I also eat takeaway meals. Still, it's not like I've completely gone on this diet, but I just love the meal more. I'm grateful for the meal and it's actually a beautiful teaching that I learnt from my trip in Morocco was being grateful for every single piece of nourishment on your plate and the plate being like grateful for that can change the whole taste of the meal and the utensils of people who cook it. You know the ground that's it's been grown in like. All of that can really really change the nourishment of this meal. So you don't even have to go see a naturopath to nourish your body. You can sit there and just be so grateful for your food before you eat it, and then you'll eat it and it will taste better like times a hundred.

Speaker 2:

So, yeah, little learnings like that, and then learning that Morocco is just like this amazing country that everyone should go to and experience, especially like the little local villages, and a big, big, big one that I learnt this year is that everything's going to be okay. This is an affirmation I say to myself a lot. I've been saying this affirmation to myself ever since I heard it, and just like really believing that everything's going to be okay and that everything is working out for you and nothing's happening to you, it's all for you, is really just this beautiful reminder that like if it's out of your control, it's out of your control and don't worry. Like it's, everything is working out exactly as it should be. And I think that ties back well into the first, you know passage that I read, because when there's an ending, knowing like in that uncertain time, it's like knowing that everything's going to be okay because there's a new beginning that's going to start somewhere. You just can't see it yet and I think, when you're wrapping up the year, we kind of don't know what to expect in 2024, but just knowing that everything's going to be okay, like you know, we survived a year this year and hopefully we get to survive another and regardless, at the end of the day, you know, like a lot of the things we worry about we don't need to worry about because they're beyond our control and, yeah, I think it ties in nice with the everything's going to be okay, ties in nice with the an ending is just a beginning in disguise and that, yeah, everything's going to be okay.

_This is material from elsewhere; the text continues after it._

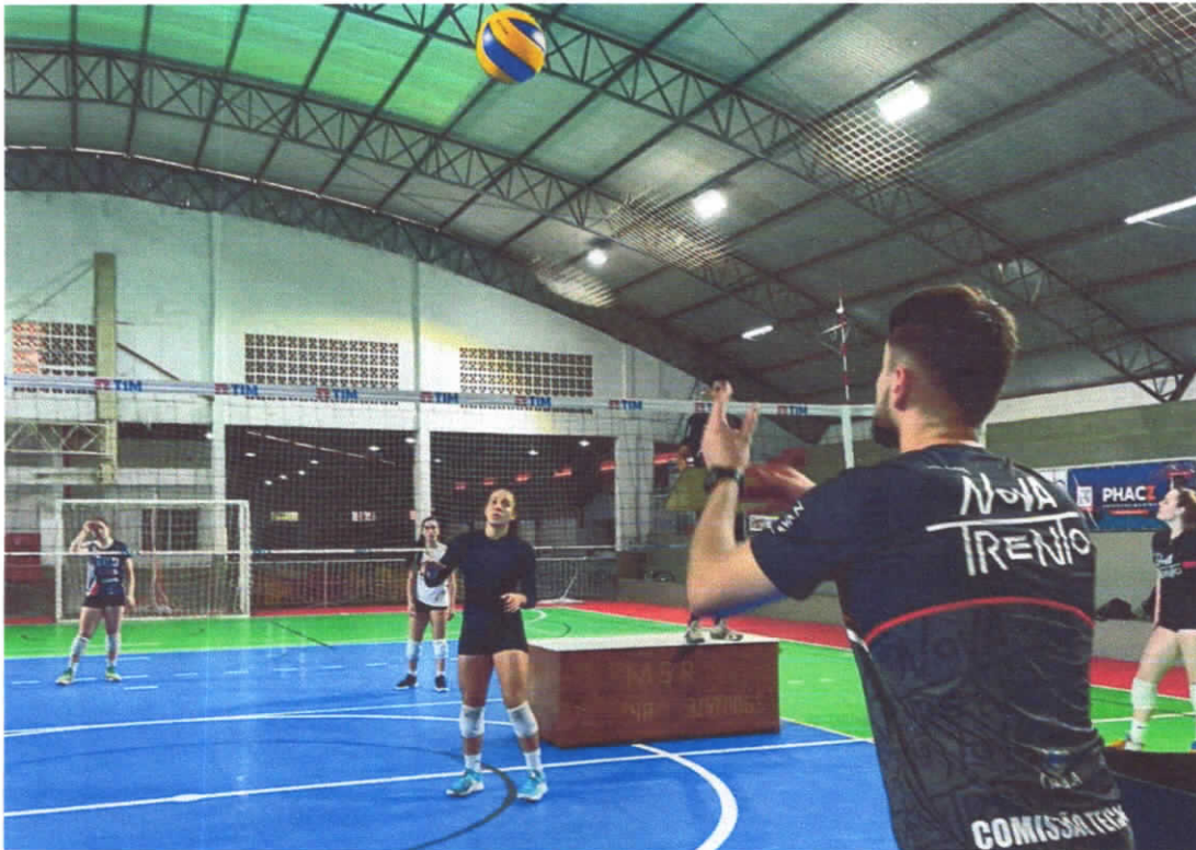
18/03/2024 –Ajuste de bola

CNPJ:04.991.606/0001-97 RuadosImigrantes, 350, Centro - CEP-88270-000 Nova Trento – Santa Catarina FUNDAÇÃO:02/02/2002

Whilst we dread the end, a new beginning starts and it's all going to be okay.

Speaker 2:

So I've been a little bit of my feels with this episode, I feel. But I feel like it's not. It's not like a sad girl vibe, I'm like a grateful vibe, like I'm just feeling really happy and really, I don't know, there's just like 2023 as a special place in my heart. Even though it's been really hard, I really have appreciated this year and I hope that you can find some appreciation in it too. You know what, I know, you can. I know that there's at least three things that have happened this year that you will be grateful for and so grateful that you get to take them into 2024. So, yeah, take a moment to reflect back and show some gratitude to this year and all that it is bought, and I really, really, really hope that you have a safe new years. I look forward to seeing you in the new year.